(Given entries)

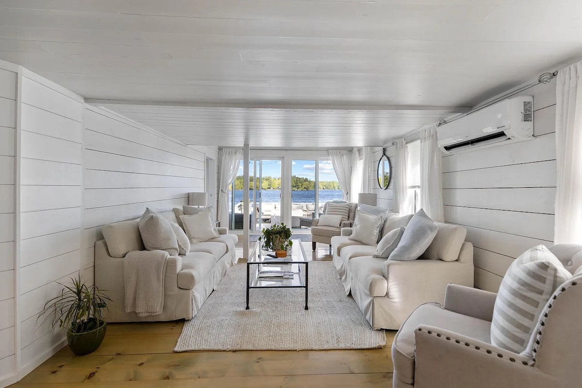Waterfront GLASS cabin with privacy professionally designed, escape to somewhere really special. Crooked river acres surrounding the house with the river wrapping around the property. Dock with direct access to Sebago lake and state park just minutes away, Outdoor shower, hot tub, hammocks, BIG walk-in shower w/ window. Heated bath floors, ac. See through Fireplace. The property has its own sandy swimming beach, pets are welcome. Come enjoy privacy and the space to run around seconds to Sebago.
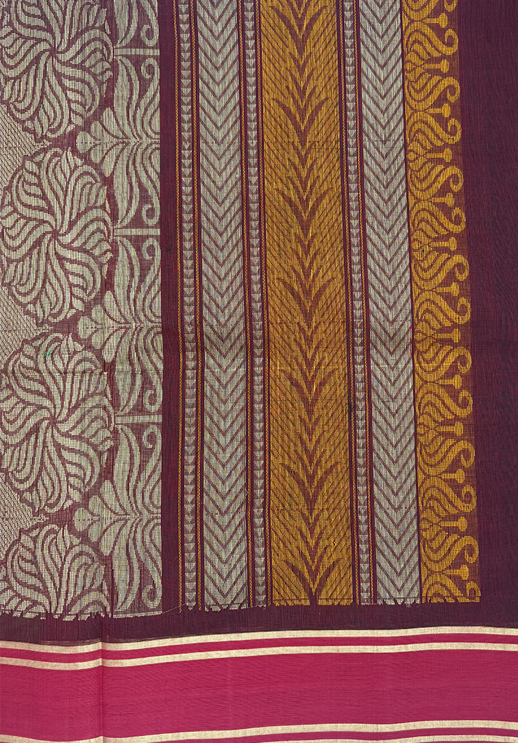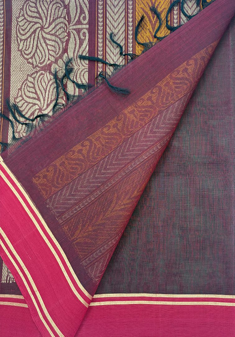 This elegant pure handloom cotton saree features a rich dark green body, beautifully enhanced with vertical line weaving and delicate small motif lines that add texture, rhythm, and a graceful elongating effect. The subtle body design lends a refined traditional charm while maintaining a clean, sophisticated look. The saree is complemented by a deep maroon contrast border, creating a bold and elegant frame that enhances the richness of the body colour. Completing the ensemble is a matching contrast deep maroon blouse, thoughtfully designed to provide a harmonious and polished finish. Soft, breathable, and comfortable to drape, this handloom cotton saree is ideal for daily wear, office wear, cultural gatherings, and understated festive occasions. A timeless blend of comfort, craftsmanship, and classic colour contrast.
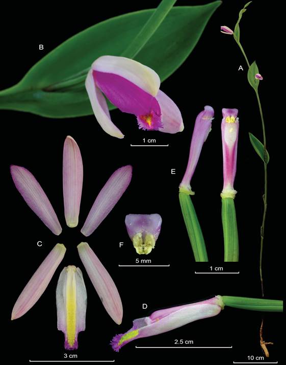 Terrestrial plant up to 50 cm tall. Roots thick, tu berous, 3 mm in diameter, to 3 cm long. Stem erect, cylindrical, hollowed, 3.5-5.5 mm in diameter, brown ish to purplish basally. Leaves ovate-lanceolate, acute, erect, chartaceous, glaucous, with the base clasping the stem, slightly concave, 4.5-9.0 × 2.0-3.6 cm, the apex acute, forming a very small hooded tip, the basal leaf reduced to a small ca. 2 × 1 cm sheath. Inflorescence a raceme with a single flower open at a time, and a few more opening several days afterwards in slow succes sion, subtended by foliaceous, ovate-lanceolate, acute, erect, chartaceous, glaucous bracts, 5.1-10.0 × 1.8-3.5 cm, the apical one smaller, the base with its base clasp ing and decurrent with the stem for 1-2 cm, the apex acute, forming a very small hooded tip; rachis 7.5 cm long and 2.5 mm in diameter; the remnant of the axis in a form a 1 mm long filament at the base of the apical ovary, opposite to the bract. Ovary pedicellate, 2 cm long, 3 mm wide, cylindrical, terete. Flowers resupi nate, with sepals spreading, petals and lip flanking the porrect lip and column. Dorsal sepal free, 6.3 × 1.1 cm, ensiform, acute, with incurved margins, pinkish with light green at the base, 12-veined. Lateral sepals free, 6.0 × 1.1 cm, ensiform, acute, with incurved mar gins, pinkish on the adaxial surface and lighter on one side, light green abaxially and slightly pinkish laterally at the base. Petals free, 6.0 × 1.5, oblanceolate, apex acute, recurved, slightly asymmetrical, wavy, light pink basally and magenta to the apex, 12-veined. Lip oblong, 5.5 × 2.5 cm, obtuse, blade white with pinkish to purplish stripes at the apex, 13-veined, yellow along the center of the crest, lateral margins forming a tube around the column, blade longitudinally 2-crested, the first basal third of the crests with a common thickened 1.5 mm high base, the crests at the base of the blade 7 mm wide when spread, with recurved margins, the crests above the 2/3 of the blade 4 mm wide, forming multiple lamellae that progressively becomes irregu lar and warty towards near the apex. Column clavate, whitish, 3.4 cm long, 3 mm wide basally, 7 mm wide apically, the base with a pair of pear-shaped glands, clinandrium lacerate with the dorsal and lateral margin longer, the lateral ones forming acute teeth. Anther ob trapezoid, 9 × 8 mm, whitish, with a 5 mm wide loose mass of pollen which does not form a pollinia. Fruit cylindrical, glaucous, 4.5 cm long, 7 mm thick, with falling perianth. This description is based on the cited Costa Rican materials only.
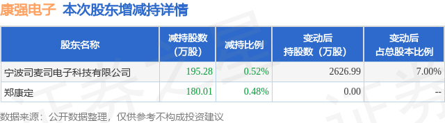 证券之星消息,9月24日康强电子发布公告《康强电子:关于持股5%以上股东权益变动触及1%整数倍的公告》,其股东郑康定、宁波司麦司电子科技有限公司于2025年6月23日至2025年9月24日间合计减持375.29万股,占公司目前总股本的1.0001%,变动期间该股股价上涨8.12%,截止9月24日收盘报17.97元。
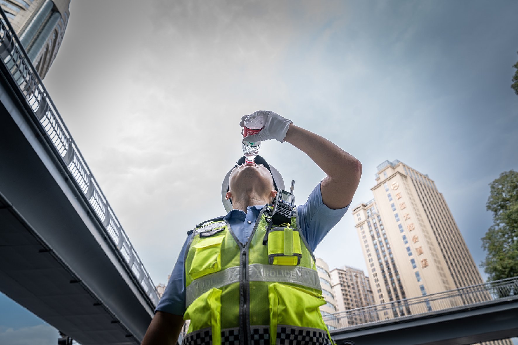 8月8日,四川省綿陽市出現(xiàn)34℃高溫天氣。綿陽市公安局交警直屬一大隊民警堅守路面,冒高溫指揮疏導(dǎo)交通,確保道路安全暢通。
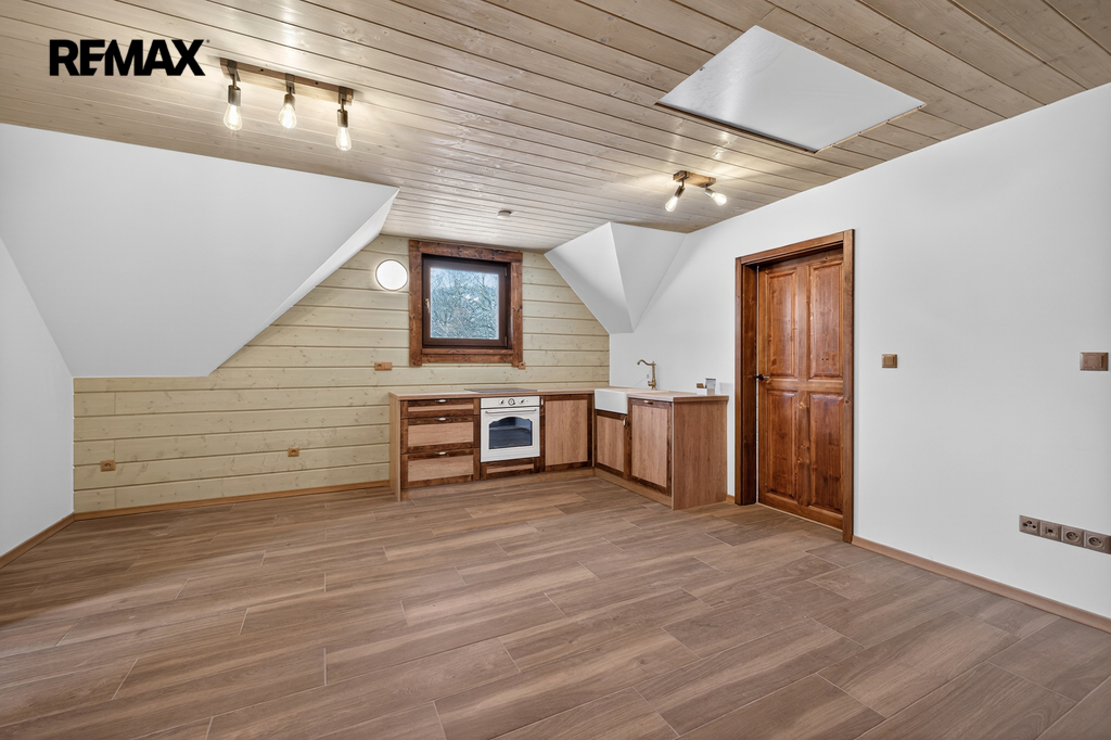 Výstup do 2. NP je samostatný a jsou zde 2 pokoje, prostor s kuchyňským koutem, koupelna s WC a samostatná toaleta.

(End Given entries)

■ Exercise directions
Restate each entry word for word, please, but drop any images it holds.

■ Answer for this exercise
Waterfront GLASS cabin with privacy professionally designed, escape to somewhere really special. Crooked river acres surrounding the house with the river wrapping around the property. Dock with direct access to Sebago lake and state park just minutes away, Outdoor shower, hot tub, hammocks, BIG walk-in shower w/ window. Heated bath floors, ac. See through Fireplace. The property has its own sandy swimming beach, pets are welcome. Come enjoy privacy and the space to run around seconds to Sebago.
 This elegant pure handloom cotton saree features a rich dark green body, beautifully enhanced with vertical line weaving and delicate small motif lines that add texture, rhythm, and a graceful elongating effect. The subtle body design lends a refined traditional charm while maintaining a clean, sophisticated look. The saree is complemented by a deep maroon contrast border, creating a bold and elegant frame that enhances the richness of the body colour. Completing the ensemble is a matching contrast deep maroon blouse, thoughtfully designed to provide a harmonious and polished finish. Soft, breathable, and comfortable to drape, this handloom cotton saree is ideal for daily wear, office wear, cultural gatherings, and understated festive occasions. A timeless blend of comfort, craftsmanship, and classic colour contrast.
 Terrestrial plant up to 50 cm tall. Roots thick, tu berous, 3 mm in diameter, to 3 cm long. Stem erect, cylindrical, hollowed, 3.5-5.5 mm in diameter, brown ish to purplish basally. Leaves ovate-lanceolate, acute, erect, chartaceous, glaucous, with the base clasping the stem, slightly concave, 4.5-9.0 × 2.0-3.6 cm, the apex acute, forming a very small hooded tip, the basal leaf reduced to a small ca. 2 × 1 cm sheath. Inflorescence a raceme with a single flower open at a time, and a few more opening several days afterwards in slow succes sion, subtended by foliaceous, ovate-lanceolate, acute, erect, chartaceous, glaucous bracts, 5.1-10.0 × 1.8-3.5 cm, the apical one smaller, the base with its base clasp ing and decurrent with the stem for 1-2 cm, the apex acute, forming a very small hooded tip; rachis 7.5 cm long and 2.5 mm in diameter; the remnant of the axis in a form a 1 mm long filament at the base of the apical ovary, opposite to the bract. Ovary pedicellate, 2 cm long, 3 mm wide, cylindrical, terete. Flowers resupi nate, with sepals spreading, petals and lip flanking the porrect lip and column. Dorsal sepal free, 6.3 × 1.1 cm, ensiform, acute, with incurved margins, pinkish with light green at the base, 12-veined. Lateral sepals free, 6.0 × 1.1 cm, ensiform, acute, with incurved mar gins, pinkish on the adaxial surface and lighter on one side, light green abaxially and slightly pinkish laterally at the base. Petals free, 6.0 × 1.5, oblanceolate, apex acute, recurved, slightly asymmetrical, wavy, light pink basally and magenta to the apex, 12-veined. Lip oblong, 5.5 × 2.5 cm, obtuse, blade white with pinkish to purplish stripes at the apex, 13-veined, yellow along the center of the crest, lateral margins forming a tube around the column, blade longitudinally 2-crested, the first basal third of the crests with a common thickened 1.5 mm high base, the crests at the base of the blade 7 mm wide when spread, with recurved margins, the crests above the 2/3 of the blade 4 mm wide, forming multiple lamellae that progressively becomes irregu lar and warty towards near the apex. Column clavate, whitish, 3.4 cm long, 3 mm wide basally, 7 mm wide apically, the base with a pair of pear-shaped glands, clinandrium lacerate with the dorsal and lateral margin longer, the lateral ones forming acute teeth. Anther ob trapezoid, 9 × 8 mm, whitish, with a 5 mm wide loose mass of pollen which does not form a pollinia. Fruit cylindrical, glaucous, 4.5 cm long, 7 mm thick, with falling perianth. This description is based on the cited Costa Rican materials only.
 证券之星消息,9月24日康强电子发布公告《康强电子:关于持股5%以上股东权益变动触及1%整数倍的公告》,其股东郑康定、宁波司麦司电子科技有限公司于2025年6月23日至2025年9月24日间合计减持375.29万股,占公司目前总股本的1.0001%,变动期间该股股价上涨8.12%,截止9月24日收盘报17.97元。
 8月8日,四川省綿陽市出現(xiàn)34℃高溫天氣。綿陽市公安局交警直屬一大隊民警堅守路面,冒高溫指揮疏導(dǎo)交通,確保道路安全暢通。
 Výstup do 2. NP je samostatný a jsou zde 2 pokoje, prostor s kuchyňským koutem, koupelna s WC a samostatná toaleta.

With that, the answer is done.